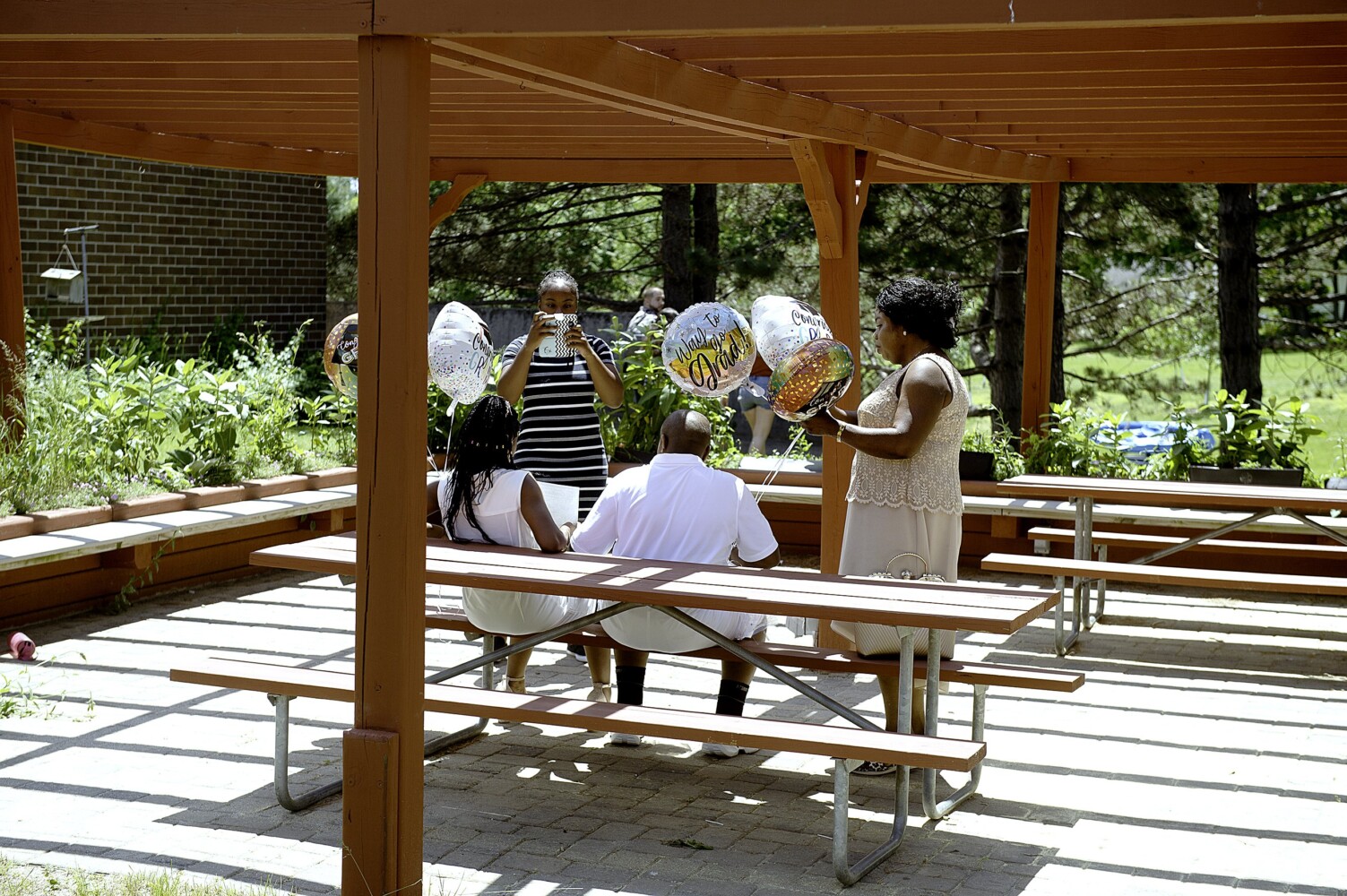 Princess Monday takes a picture of her sister, Favour, brother, Bari and mother, Catherine, following the eighth-grade celebration Wednesday at Auburn Middle School. Favour and Bari graduated from AMS and are now freshman at Edward Little High School, the school that Princess graduated from June 5. Daryn Slover/Sun Journal
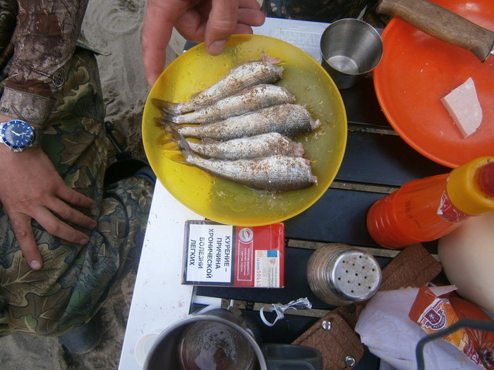 Что ни говори, а поплавочка на таких реках на порядок уловестей спиннинга (имхо). Но всё равно, не моё это, не моё. На ужин варим первую и последнюю уху на сплаве. Проставляюсь. Мужики особо не возражают.
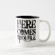Voici venir le problème : : Magnifiques, amusement et notre sale vient ici les caractéristiques de problème une typographie de roche affligée par cru et une petite émoticône sauvage au centre. Notre vient ici la conception de problème est pleine de la mauvaise attitude de fille et du fun.com
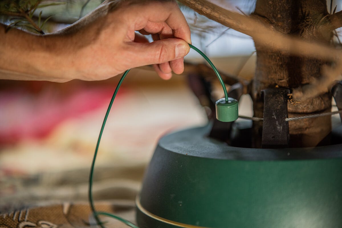• Aseta anturi joulukuusenjalkaan ja ripusta vahti kuusen oksalle.
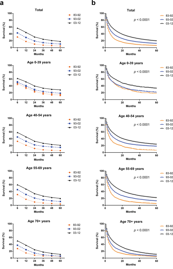 We have identified 63640 HCC cases across three decades from eighteen registry sites with median survival of 4 months, 6 months and 12 months in each decade respectively. Both RSR and survival time improved each decade in patients with HCC in all age groups (Table 1 and Figure 2a). The 6-month RSRs improved from 31.0% to 42.9% to 57.2% each decade, with 27.7% increase in the first two decades and 33.3% in the last two decades. The increasing tendency of survival time was obtained after up to 5 years of follow-up. Similarly Kaplan-Meier survival analysis also confirmed the improvement of survival time in all age groups in three decades (Figure 2b). However the long-term survival seemed gloomy with 5-year RSRs of 4.7%, 10.6% and 18.2% respectively in three decades.
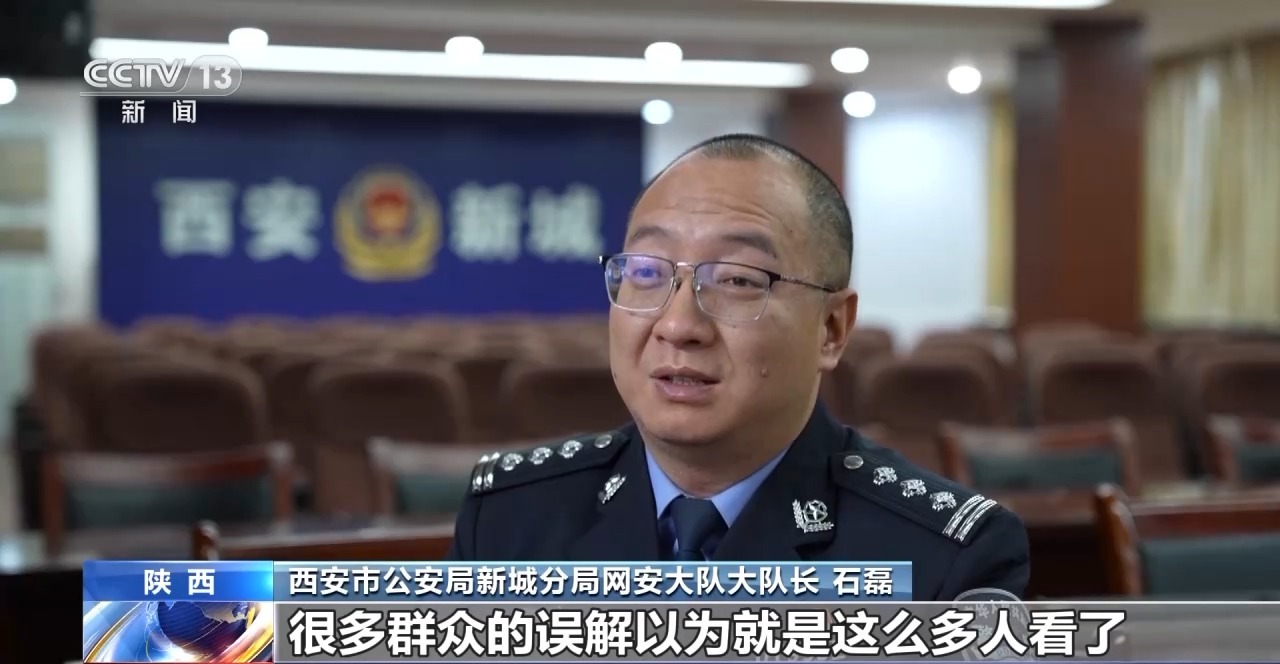 西安市公安局新城分局网安大队的大队长 石磊 :视频没有人看,属于虚假的,流量上去,很多群众的误解以为就是这么多人看了,其实不是的,这些都是机器刷出来的。
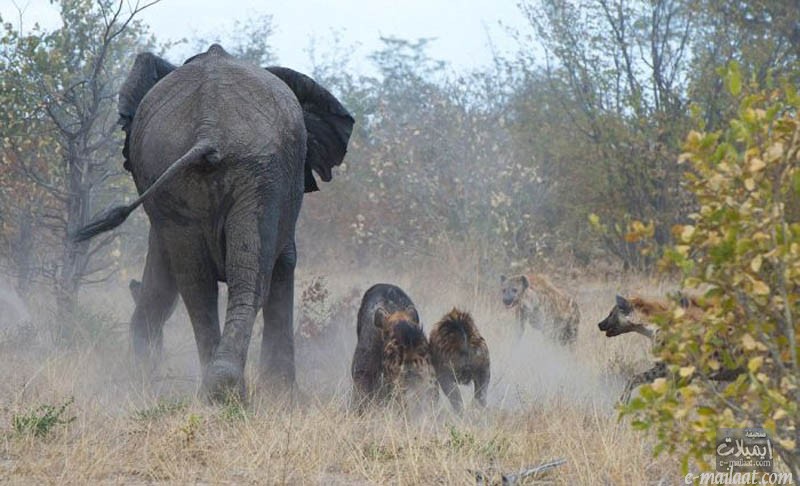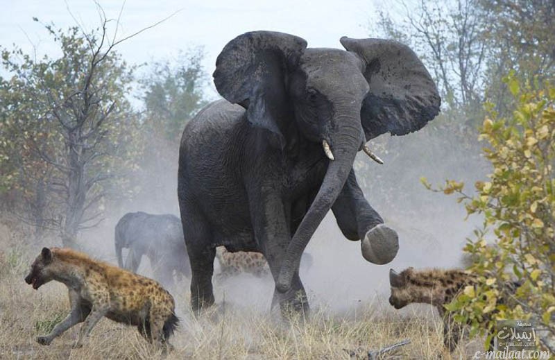يقول احد المصورين ان انثى الفيل ركلت احدى الضباع حتى طار بعيدا في الهواء مما جعل الاخرين يبتعدون عن صغيرها خوف ان يكون مصيرهم مماثل
━━━━━━
Problem requirements =>
Only an exact copy is wanted: the lines from the opening of the material through the line that has "vahti kuusen oksalle.", minus any pictures.

Written solution =>
 Princess Monday takes a picture of her sister, Favour, brother, Bari and mother, Catherine, following the eighth-grade celebration Wednesday at Auburn Middle School. Favour and Bari graduated from AMS and are now freshman at Edward Little High School, the school that Princess graduated from June 5. Daryn Slover/Sun Journal
 Что ни говори, а поплавочка на таких реках на порядок уловестей спиннинга (имхо). Но всё равно, не моё это, не моё. На ужин варим первую и последнюю уху на сплаве. Проставляюсь. Мужики особо не возражают.
Voici venir le problème : : Magnifiques, amusement et notre sale vient ici les caractéristiques de problème une typographie de roche affligée par cru et une petite émoticône sauvage au centre. Notre vient ici la conception de problème est pleine de la mauvaise attitude de fille et du fun.com
• Aseta anturi joulukuusenjalkaan ja ripusta vahti kuusen oksalle.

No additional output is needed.